━━━━━ Data under study
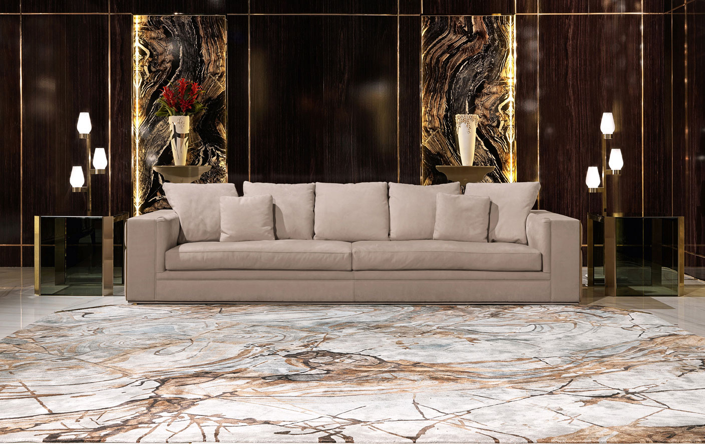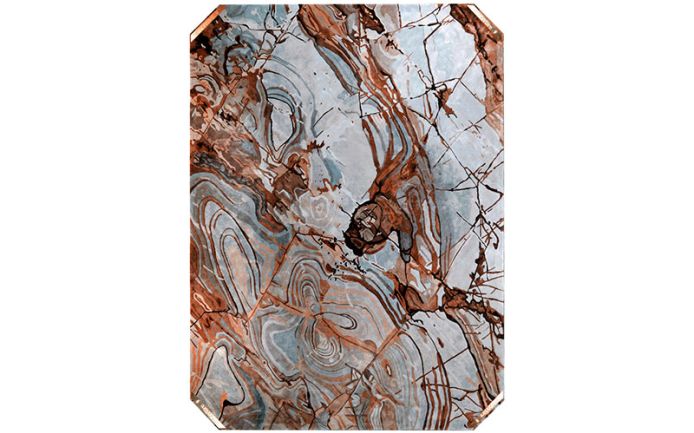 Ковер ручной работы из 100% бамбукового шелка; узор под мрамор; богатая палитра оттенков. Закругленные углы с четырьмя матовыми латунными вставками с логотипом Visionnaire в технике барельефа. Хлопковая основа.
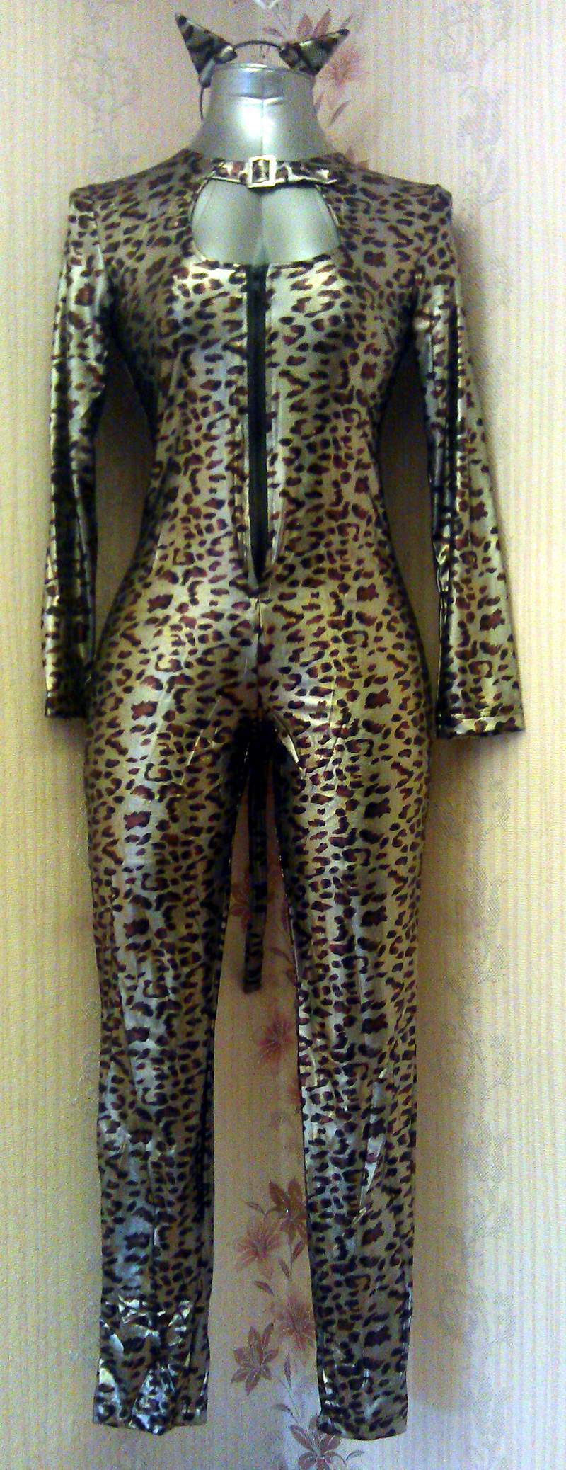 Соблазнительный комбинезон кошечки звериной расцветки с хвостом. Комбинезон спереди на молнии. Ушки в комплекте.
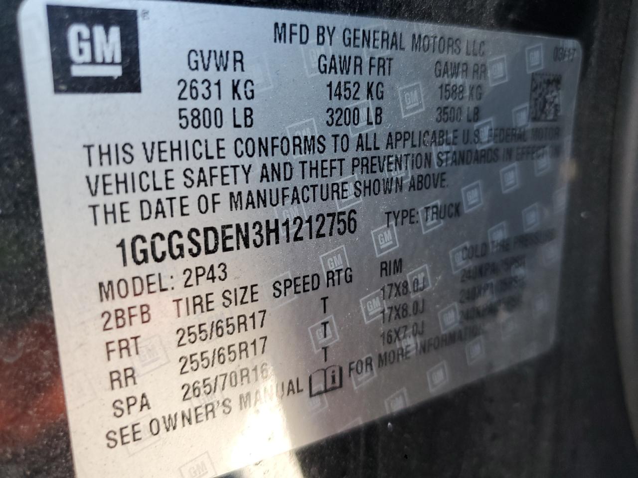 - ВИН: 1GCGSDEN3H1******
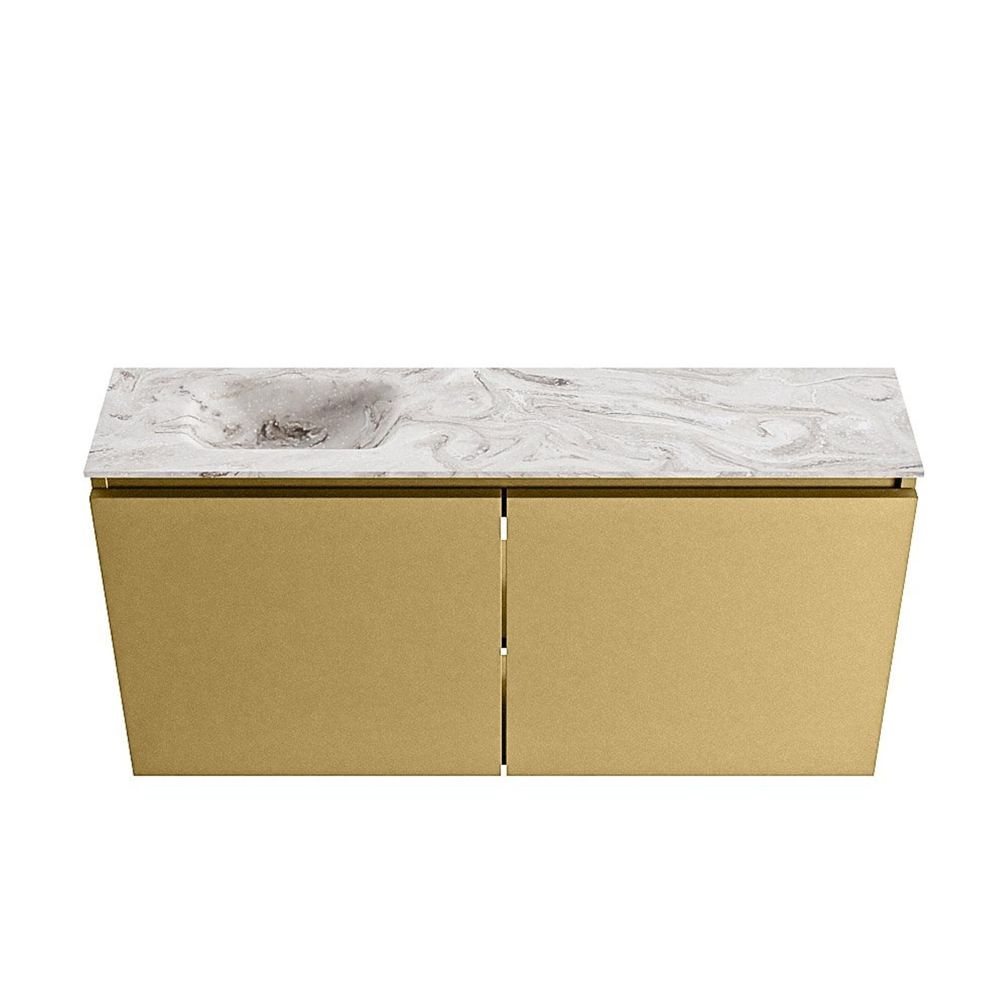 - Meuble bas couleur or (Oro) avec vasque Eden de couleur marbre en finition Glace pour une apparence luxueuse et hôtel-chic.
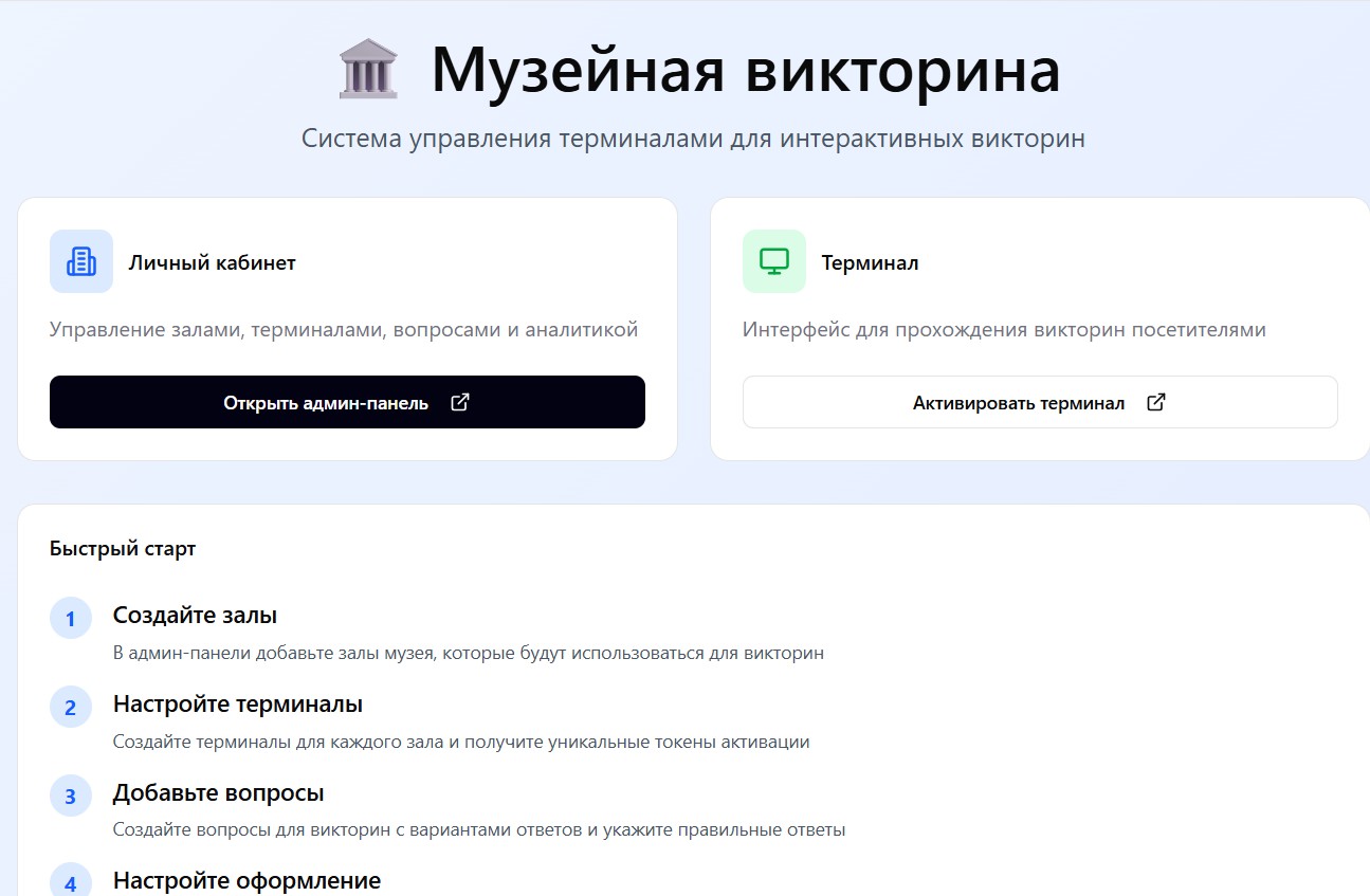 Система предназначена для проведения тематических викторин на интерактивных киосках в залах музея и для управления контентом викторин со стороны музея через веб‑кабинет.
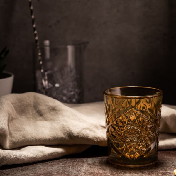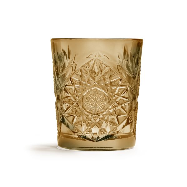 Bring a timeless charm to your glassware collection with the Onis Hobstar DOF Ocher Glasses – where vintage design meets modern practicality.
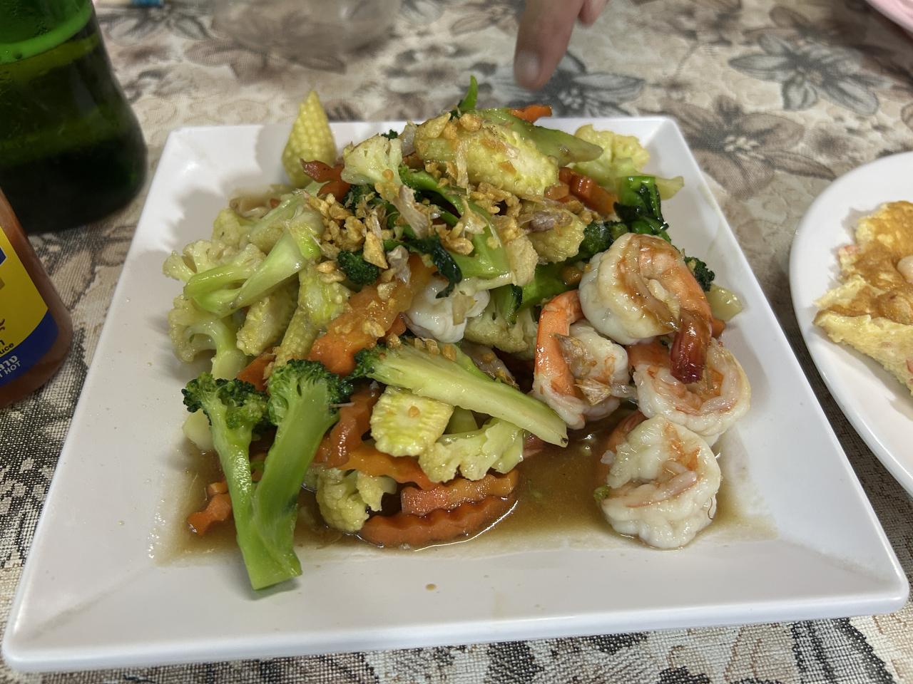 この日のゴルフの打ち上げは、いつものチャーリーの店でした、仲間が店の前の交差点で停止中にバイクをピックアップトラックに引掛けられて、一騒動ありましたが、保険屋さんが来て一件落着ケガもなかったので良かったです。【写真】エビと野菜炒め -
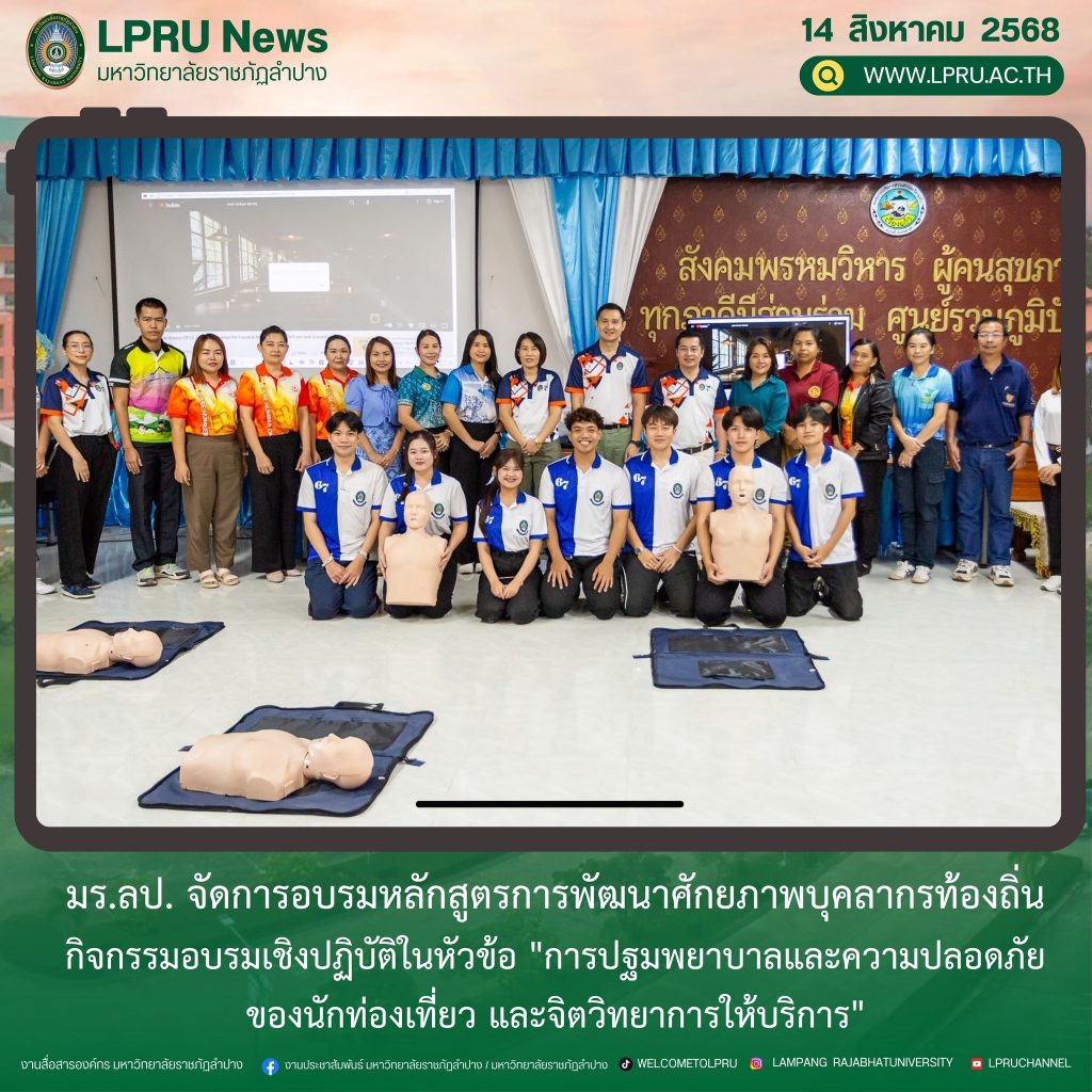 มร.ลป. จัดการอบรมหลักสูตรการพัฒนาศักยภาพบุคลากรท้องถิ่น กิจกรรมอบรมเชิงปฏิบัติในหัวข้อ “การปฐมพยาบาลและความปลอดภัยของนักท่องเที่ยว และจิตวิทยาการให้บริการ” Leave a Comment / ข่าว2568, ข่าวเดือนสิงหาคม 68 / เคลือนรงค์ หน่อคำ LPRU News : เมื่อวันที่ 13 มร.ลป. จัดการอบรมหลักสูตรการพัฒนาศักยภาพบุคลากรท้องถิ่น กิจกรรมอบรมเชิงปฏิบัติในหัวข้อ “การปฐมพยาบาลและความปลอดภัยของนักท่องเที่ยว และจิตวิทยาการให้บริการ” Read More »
━━━━━━━━━━
§ Activity: Please retype only the lines from the line that holds "Соблазнительный комбинезон кошечки" through the end of the records, exactly as they stand, and drop every picture.

§ Task answer:
 Соблазнительный комбинезон кошечки звериной расцветки с хвостом. Комбинезон спереди на молнии. Ушки в комплекте.
 - ВИН: 1GCGSDEN3H1******
 - Meuble bas couleur or (Oro) avec vasque Eden de couleur marbre en finition Glace pour une apparence luxueuse et hôtel-chic.
 Система предназначена для проведения тематических викторин на интерактивных киосках в залах музея и для управления контентом викторин со стороны музея через веб‑кабинет.
 Bring a timeless charm to your glassware collection with the Onis Hobstar DOF Ocher Glasses – where vintage design meets modern practicality.
 この日のゴルフの打ち上げは、いつものチャーリーの店でした、仲間が店の前の交差点で停止中にバイクをピックアップトラックに引掛けられて、一騒動ありましたが、保険屋さんが来て一件落着ケガもなかったので良かったです。【写真】エビと野菜炒め -
 มร.ลป. จัดการอบรมหลักสูตรการพัฒนาศักยภาพบุคลากรท้องถิ่น กิจกรรมอบรมเชิงปฏิบัติในหัวข้อ “การปฐมพยาบาลและความปลอดภัยของนักท่องเที่ยว และจิตวิทยาการให้บริการ” Leave a Comment / ข่าว2568, ข่าวเดือนสิงหาคม 68 / เคลือนรงค์ หน่อคำ LPRU News : เมื่อวันที่ 13 มร.ลป. จัดการอบรมหลักสูตรการพัฒนาศักยภาพบุคลากรท้องถิ่น กิจกรรมอบรมเชิงปฏิบัติในหัวข้อ “การปฐมพยาบาลและความปลอดภัยของนักท่องเที่ยว และจิตวิทยาการให้บริการ” Read More »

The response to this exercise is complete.